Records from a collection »
((

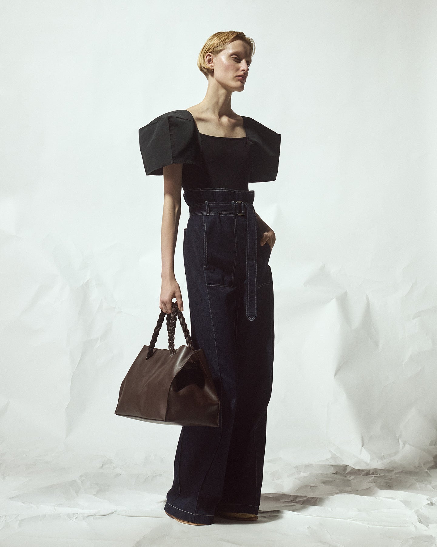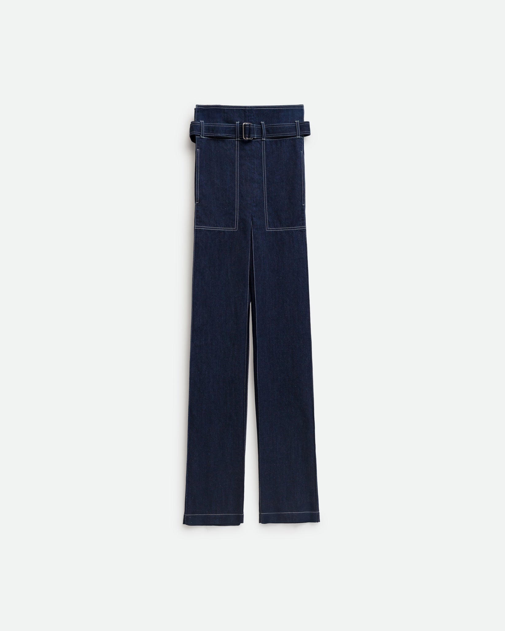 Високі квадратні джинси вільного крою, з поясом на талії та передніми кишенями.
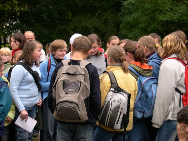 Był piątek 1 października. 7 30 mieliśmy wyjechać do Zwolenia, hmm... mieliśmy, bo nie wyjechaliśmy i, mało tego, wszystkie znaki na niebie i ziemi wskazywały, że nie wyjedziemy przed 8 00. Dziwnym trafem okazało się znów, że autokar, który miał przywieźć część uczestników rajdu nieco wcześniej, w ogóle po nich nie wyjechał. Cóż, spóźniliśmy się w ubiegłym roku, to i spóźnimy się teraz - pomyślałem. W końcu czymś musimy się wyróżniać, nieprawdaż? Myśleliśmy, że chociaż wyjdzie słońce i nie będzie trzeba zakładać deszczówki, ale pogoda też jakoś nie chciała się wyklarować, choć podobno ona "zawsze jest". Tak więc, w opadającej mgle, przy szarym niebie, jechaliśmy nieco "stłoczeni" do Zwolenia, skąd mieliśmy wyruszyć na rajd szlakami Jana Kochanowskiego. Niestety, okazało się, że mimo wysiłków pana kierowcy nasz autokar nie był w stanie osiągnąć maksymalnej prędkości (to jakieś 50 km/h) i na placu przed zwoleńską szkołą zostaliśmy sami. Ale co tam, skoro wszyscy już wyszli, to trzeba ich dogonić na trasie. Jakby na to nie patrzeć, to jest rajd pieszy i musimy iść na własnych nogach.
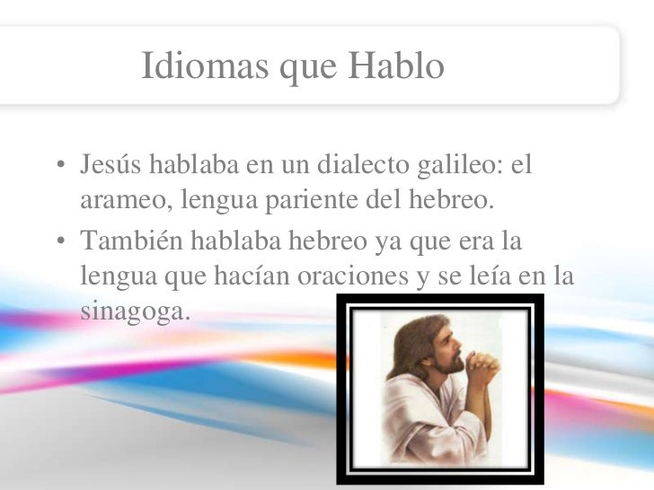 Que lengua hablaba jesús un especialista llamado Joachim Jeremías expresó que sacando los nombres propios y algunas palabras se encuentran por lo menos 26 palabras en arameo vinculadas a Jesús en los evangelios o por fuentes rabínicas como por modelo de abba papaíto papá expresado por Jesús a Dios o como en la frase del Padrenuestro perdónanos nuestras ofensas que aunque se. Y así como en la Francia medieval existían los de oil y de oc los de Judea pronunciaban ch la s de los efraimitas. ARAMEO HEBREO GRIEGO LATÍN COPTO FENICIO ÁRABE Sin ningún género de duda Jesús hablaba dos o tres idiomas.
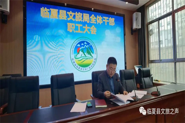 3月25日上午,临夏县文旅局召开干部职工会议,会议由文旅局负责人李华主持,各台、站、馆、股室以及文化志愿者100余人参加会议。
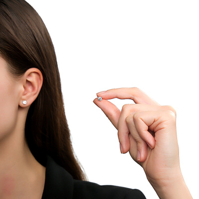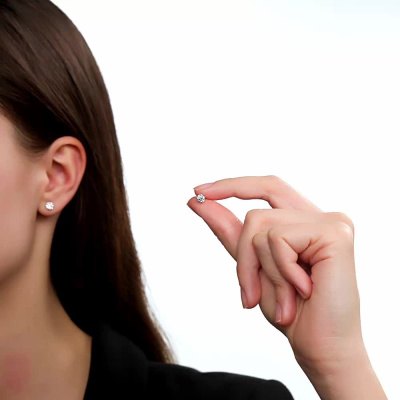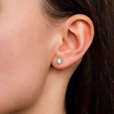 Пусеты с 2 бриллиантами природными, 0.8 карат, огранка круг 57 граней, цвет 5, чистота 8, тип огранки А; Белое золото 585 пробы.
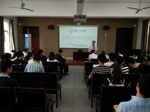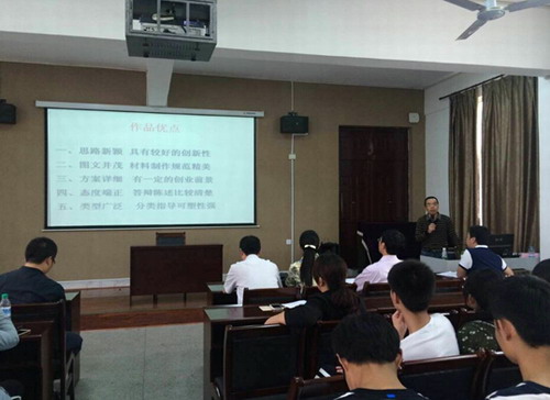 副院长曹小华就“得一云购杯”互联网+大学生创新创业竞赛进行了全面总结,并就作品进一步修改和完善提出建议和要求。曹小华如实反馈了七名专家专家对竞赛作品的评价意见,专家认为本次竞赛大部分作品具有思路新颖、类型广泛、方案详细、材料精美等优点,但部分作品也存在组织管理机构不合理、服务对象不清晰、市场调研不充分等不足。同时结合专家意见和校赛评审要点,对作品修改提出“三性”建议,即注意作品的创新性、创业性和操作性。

))

What is being asked » Copy the records above from the first line through the line containing "Пусеты с 2 бриллиантами", both included, and leave out any pictures.

Answer for the task »
 Високі квадратні джинси вільного крою, з поясом на талії та передніми кишенями.
 Był piątek 1 października. 7 30 mieliśmy wyjechać do Zwolenia, hmm... mieliśmy, bo nie wyjechaliśmy i, mało tego, wszystkie znaki na niebie i ziemi wskazywały, że nie wyjedziemy przed 8 00. Dziwnym trafem okazało się znów, że autokar, który miał przywieźć część uczestników rajdu nieco wcześniej, w ogóle po nich nie wyjechał. Cóż, spóźniliśmy się w ubiegłym roku, to i spóźnimy się teraz - pomyślałem. W końcu czymś musimy się wyróżniać, nieprawdaż? Myśleliśmy, że chociaż wyjdzie słońce i nie będzie trzeba zakładać deszczówki, ale pogoda też jakoś nie chciała się wyklarować, choć podobno ona "zawsze jest". Tak więc, w opadającej mgle, przy szarym niebie, jechaliśmy nieco "stłoczeni" do Zwolenia, skąd mieliśmy wyruszyć na rajd szlakami Jana Kochanowskiego. Niestety, okazało się, że mimo wysiłków pana kierowcy nasz autokar nie był w stanie osiągnąć maksymalnej prędkości (to jakieś 50 km/h) i na placu przed zwoleńską szkołą zostaliśmy sami. Ale co tam, skoro wszyscy już wyszli, to trzeba ich dogonić na trasie. Jakby na to nie patrzeć, to jest rajd pieszy i musimy iść na własnych nogach.
 Que lengua hablaba jesús un especialista llamado Joachim Jeremías expresó que sacando los nombres propios y algunas palabras se encuentran por lo menos 26 palabras en arameo vinculadas a Jesús en los evangelios o por fuentes rabínicas como por modelo de abba papaíto papá expresado por Jesús a Dios o como en la frase del Padrenuestro perdónanos nuestras ofensas que aunque se. Y así como en la Francia medieval existían los de oil y de oc los de Judea pronunciaban ch la s de los efraimitas. ARAMEO HEBREO GRIEGO LATÍN COPTO FENICIO ÁRABE Sin ningún género de duda Jesús hablaba dos o tres idiomas.
 3月25日上午,临夏县文旅局召开干部职工会议,会议由文旅局负责人李华主持,各台、站、馆、股室以及文化志愿者100余人参加会议。
 Пусеты с 2 бриллиантами природными, 0.8 карат, огранка круг 57 граней, цвет 5, чистота 8, тип огранки А; Белое золото 585 пробы.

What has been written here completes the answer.